What will define the coming century for our species? Can the interdisciplinary study of our past – combining the methods and data of the humanities and sciences – tell us what’s in store? And what policies, if wisely implemented, could secure a safe, sustainable, and just future for humanity?
In this column, we’ll try to answer those questions. Together, we’ll explore everything from the prospect of building settlements on other worlds to the threat of runaway artificial superintelligence. We’ll weigh the potential consequences of a climate-altering breakdown of currents in the Atlantic Ocean – and the risks of returning watery samples from the ocean moons of Jupiter or Saturn. We’ll consider whether our atmosphere can – or should – be deliberately modified to cool down global temperatures, and we’ll even reflect on the wisdom of sending messages to other star systems.
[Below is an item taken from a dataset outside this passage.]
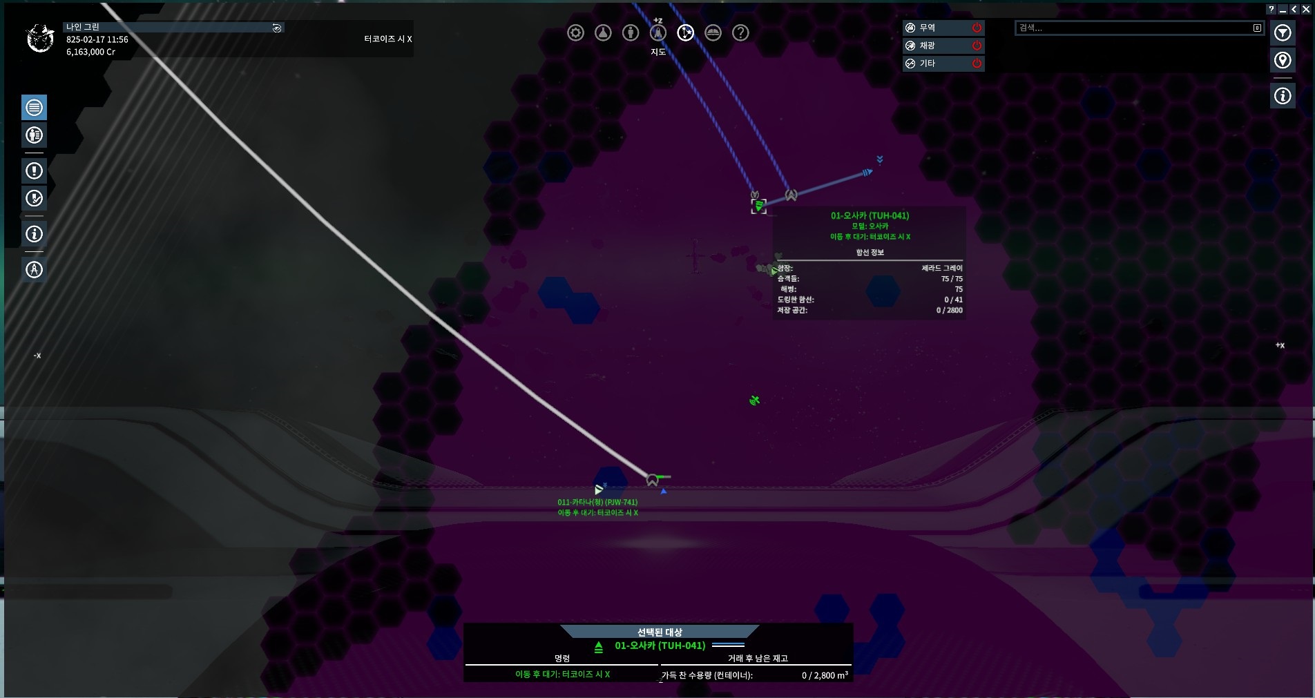 보통의 경우 구축함 2~4대와 S,M급 몇대, 보급선이 딸린 편대를 보내서 순찰을 보낸다. 가스를 채광하면서 전투기도 몇대 잡고, 구축함도 몇대 뺏어서 그런가 요즘들어 경비가 삼엄해졌다. 보급선 딸린 편대 외에도 다른 편대가 돌아다니는게 보이는 것이다.

Our column will provide a unique perspective on the existential risks and opportunities faced by humanity, or in other words, the possibilities that could either permanently foreclose or radically extend and improve the future of our species. It’s a perspective we’ll gain partly by drawing on interdisciplinary fields like environmental history, paleogenomics, historical climatology, and zooarchaeology: new, rapidly expanding, but still little-known ways of using science to revolutionize our understanding of humanity’s past.
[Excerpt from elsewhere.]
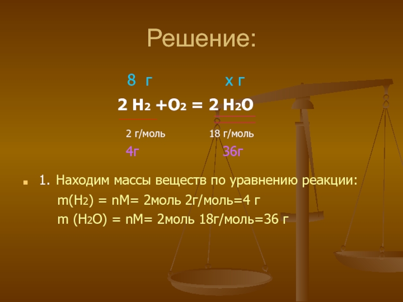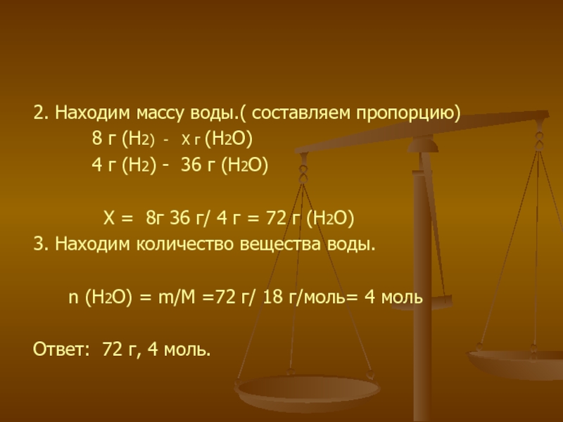 М (H2) =2 г/моль М (H2О) = 18 г/моль

We’re living through a unique time in Earth’s history. Our species has gained the power not only to destroy itself, but also to alter our planet, maybe even other planets, in ways that could reverberate for millions of years. But it’s also gained the ability to, for the first time, protect itself from extinction, to create once-unimaginable wealth and knowledge, to extend and improve lives as never before.
Where will we go from here? In this column, we’ll try to find out.